# Baking Powder Vs. Baking Soda in Cookies



## pastrygirl111 (Jan 10, 2005)

I still prefer all butter in my chocolate chip cookies but like most who use the traditional recipe, they come out FLAT. I do not overbeat my batter, use cold pans, chill dough, and use only the freshest baking soda and ingredients. I'm wondering if a little baking powder might do the trick? Any comments on baking powder versus baking soda (combination or alone) for chocolate chip cookie recipe OR any suggestions on how to keep it all butter but how to corrrect the flattening problem? Thank you all!!!


----------



## phatch (Mar 29, 2002)

Use one of the premium higher fat butters. Standard butter is about 18% water. That water is contributing to your spreading problem.

Phil


----------



## scott123 (Dec 23, 2003)

Do you chill the dough completely? Overnight?
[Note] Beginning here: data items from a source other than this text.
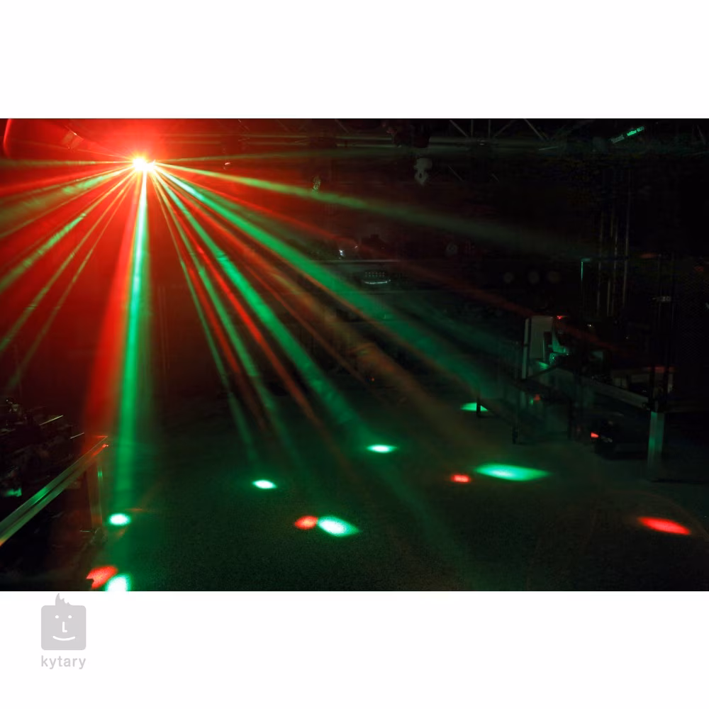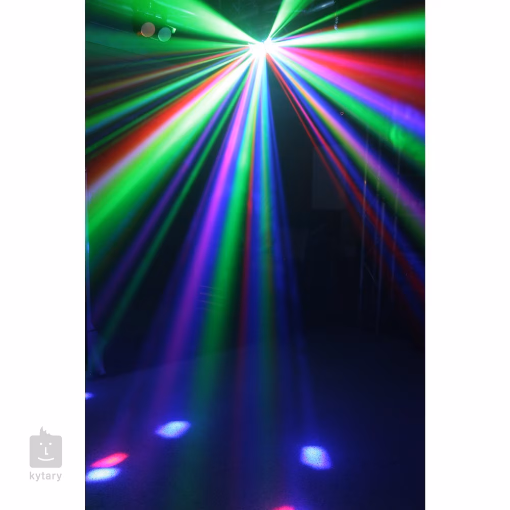Zur Steuerung des Scheinwerfers können Sie manuelle Einstellungen mit vier Tasten, automatische Programme mit einstellbarer Laufgeschwindigkeit oder den Audiokontrollmodus mit wählbarer Mikrofonempfindlichkeit verwenden. Eine Reihe von voreingestellten Lichtshows sind für einen reibungslosen Ablauf ohne komplizierte Einstellungen verfügbar. Eine Metallhalterung für die Befestigung an einer Trägerstruktur ist im Lieferumfang enthalten.
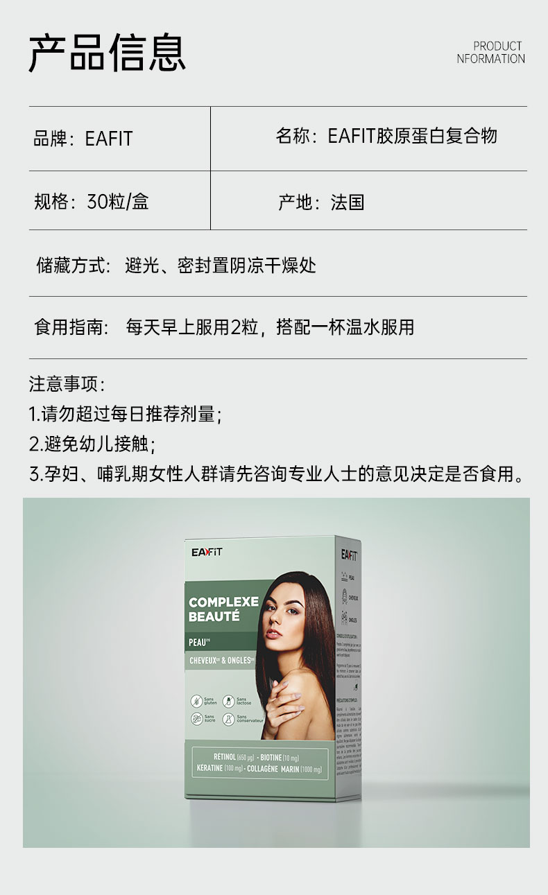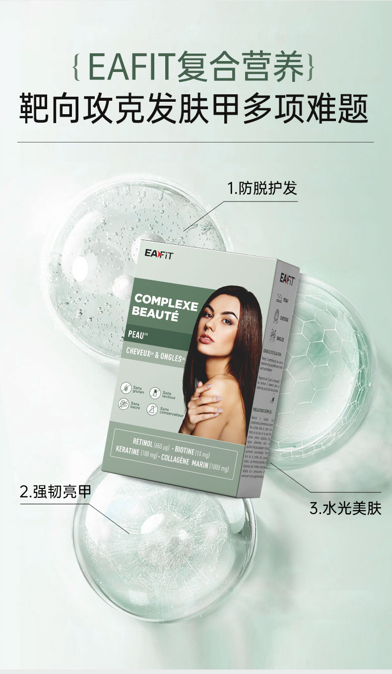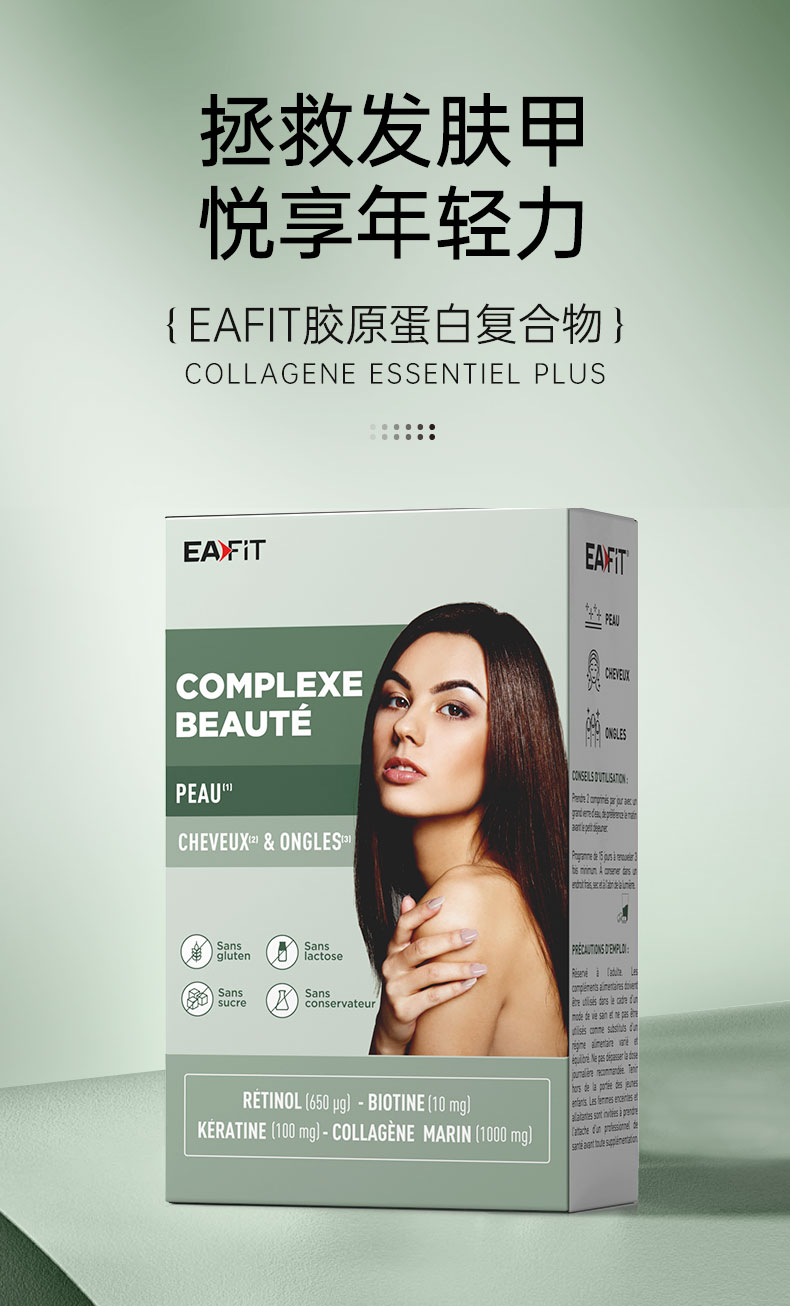 【限时特惠】法国进口EAFIT胶原蛋白美容复合物多纬营养固发亮甲美肤
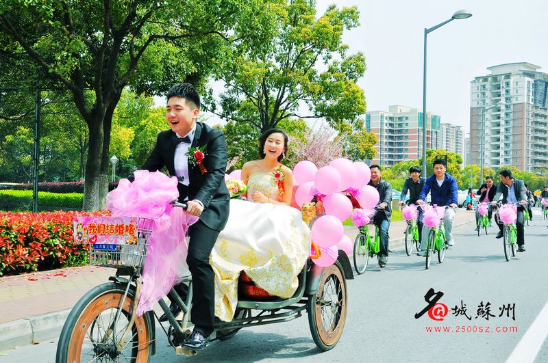 “婚禮,作為人生一項(xiàng)非常重要的階段和儀式,我想讓它更有意義,更有紀(jì)念價(jià)值。于是便和女朋友商量,策劃了這場(chǎng)綠色婚禮?!笨娤壬f,他和同事們一起,借了二十輛綠色環(huán)保公共自行車,“三輪車就是我們的婚車。”
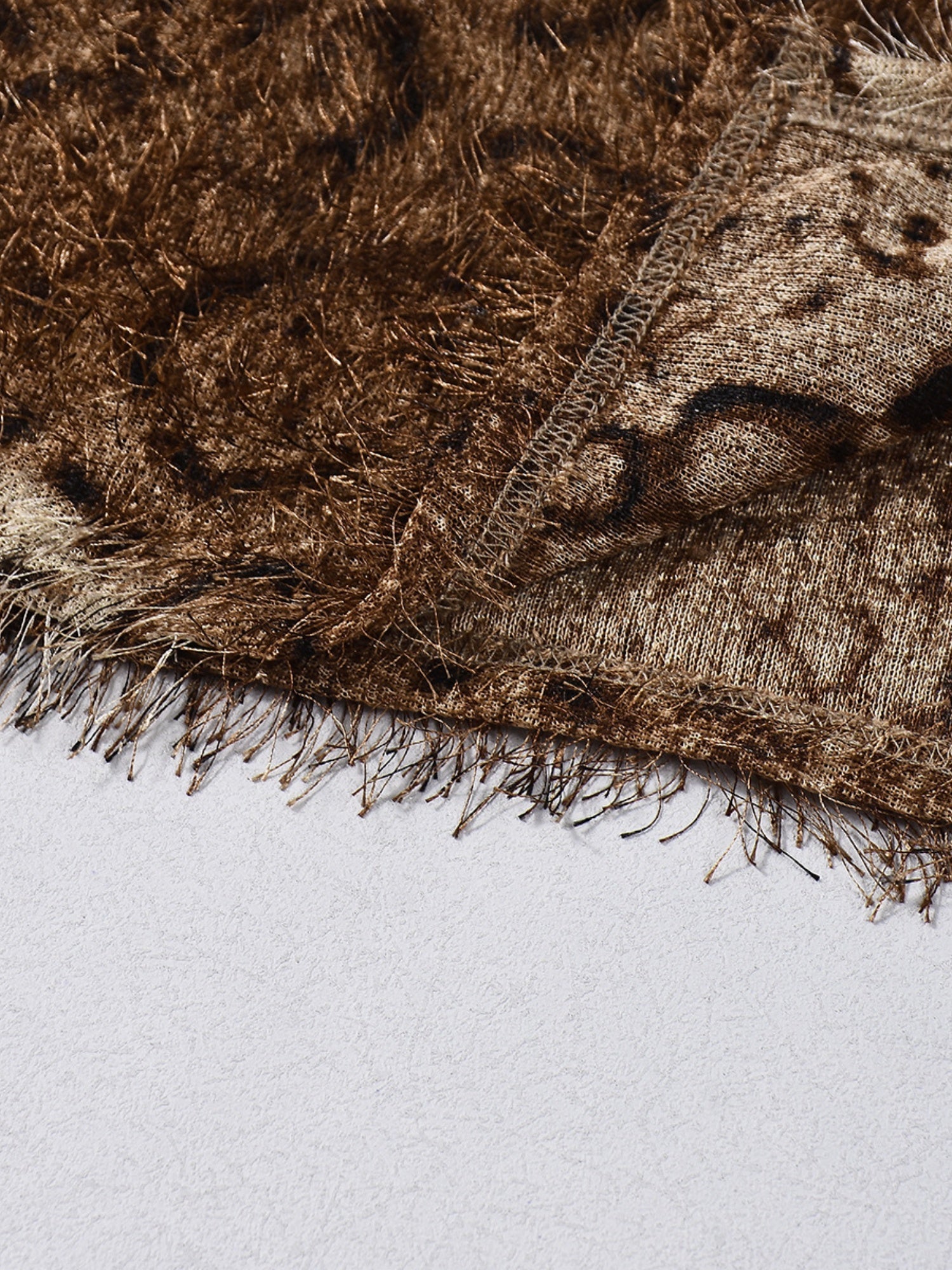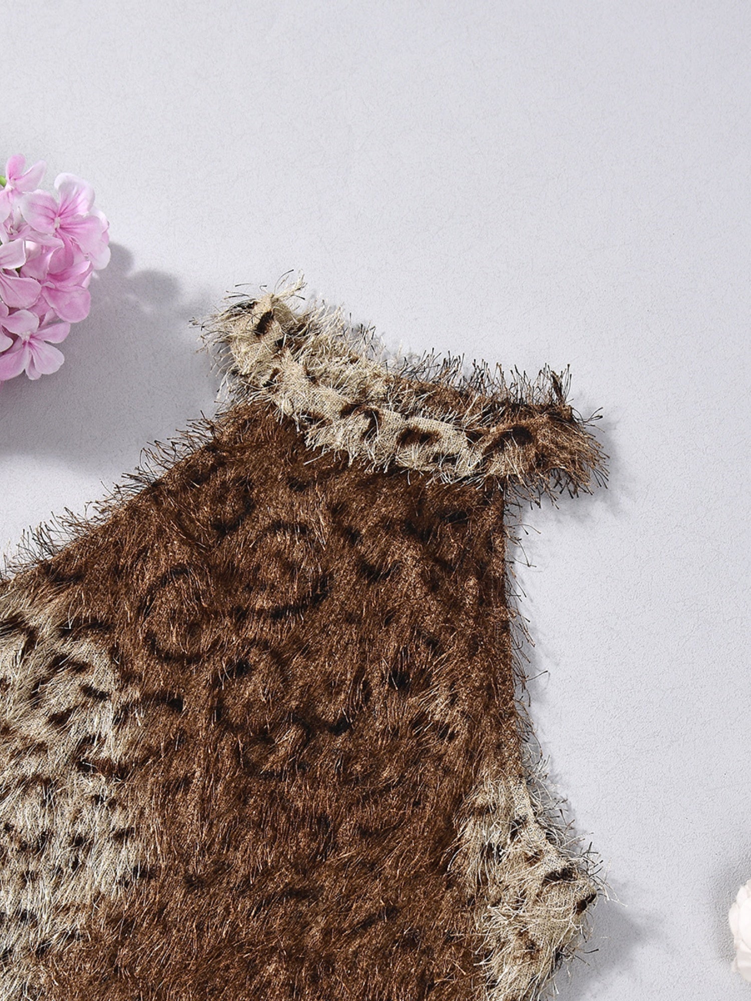 Liber Leopard Print Color Matching Mock Neck Hip Wrap Mini&Short Dresses

Do you re-chill the cookies after you form them?

Do you shape the dough into a ball? I cut my cookie dough out of a long column so I have nice tall pieces of dough. When they flatten out in the oven, I get a nice mound of a cookie.

Baking powder could end up making your cookies more cakey and less chewy. I wouldn't use it.

They won't be quite so buttery, but a little extra flour is a foolproof way of preventing spread. I would try my first suggestions first, though.


----------



## stacey2685 (Dec 13, 2004)

does your recipe have cream of tarter or butermilk in it? or maybe it doesnt have enough?

Baking powder is more or less 2 parts baking soda, 1 part cream of tartar. it is a leaving agent on its own. Baking soda, need the acidy to 'jump start' it (similar to the volcano science experiment, you need an acid to make the baking soda work.

some info on spreading

sugar - high sugar content increases spread. coarse granulated sugar increases spread, while fine sugar or confectioners sugar reduces spread.

leavening - high baking soda content causes spread

Creaming - the craming together of fat and sugar contributes to leavening by incorperating air. Creaming a mixture until light increases spread. Blending fat and sugar just til a paste without creaming in alot of air reduces spread.

Temperature - Low oven temperature increases spread. High temperature reduces spread, because the cookie has a chance to set up before it spreads too much

Liquid - A high liquid content butter spreads more

Flour - strong flour (bread and clear flours) or activation of gluten decreases spread.

Pan grease - cookie spread more on a heavily greased pan.

stacey <- took the last part (spreading) from one of my text books


----------



## pastrygirl111 (Jan 10, 2005)

I'm wondering if the new high fat butters will work better since they have less water content!!! Less Spread too. 
By the way, I never knew about the oven temp and spread. I always thought I might have to LOWER the temp for less spread. It's good to know that it's actually the opposite. I'm going to try it. Thank you so much.


----------



## kylew (Aug 14, 2000)

I use cold butter and 1/3 cup cake flour + 2 cups ap flour. I get a consistent, controlled spread.


----------



## dagger (Feb 4, 2005)

How about listing a step by step instruction on how to make cookies. I hate when mine go flat. I even mix half white with wheat thinking this wouls stiffen up the cookies. Most of the time i let the stuff sit for an hour on the table to come down to room temp.

I was told you should not add sugar & flour by the cup but the oz. since both asorb water. But if the recipe calls for 1 cup do that mean you add 8oz?


----------



## kylew (Aug 14, 2000)

I don;t have an A-Z How To, but 2 things come to mind. Try working with butter that is much cooler. A stick of butter should bent but still be very firm. I actually use butter right out of the fridge. About weighing ingredients, it tends to be more accurate than dry measure.If you have access to a scale, 1 cup of flour weighs about 4.5 ounces. 1 cup of white, granulated sugar weighs about 8 ounces.


----------



## dagger (Feb 4, 2005)

oh man thanks for that info. I thought since both are cups they would be 8oz each  YOu saved me for making a big mistake, thanks  . What if you cook with spleander or whey low is it the same? I bought whey low type D granulated sugar and gold which is their brown sugar to try. Matter of fact i ordered their winter sample pack which is all the sugars they make to try them.

So it's goes like this:

1 cup Flour (any kind)? is 4.5 oz.
1 cup granulated sugar (any Brand)? is 8 oz.
1 cup Powder sugar is ?
1 cup Brown Sugar is ?

I bought a Salter Add & Weigh Scale from Sur La Table to give it a try. I also have the KitchenAid Silicone baking mat to protect my cookie sheets which always seam to rust :chef: .


----------



## kylew (Aug 14, 2000)

http://www.culinarycafe.com/UK_US.html

This site has a bunch of weights. No info on the artificial stuff or whey low, but brown sugar, powdered sugar etc...


----------



## dagger (Feb 4, 2005)

I asked Whey Low this question and they sent this reply

Thank you for your question. Whey Low is an exact one-for-one sugar
replacement. Therefore, 1lb of Whey Low equals 16oz. One cup of Whey
Low equals 8oz. This is true for all of our products. If you have any
other questions or comments, please feel free to e-mail me anytime.

Best Regards,

Josh Wheaton

Operations Manager, Whey Low Products Division


----------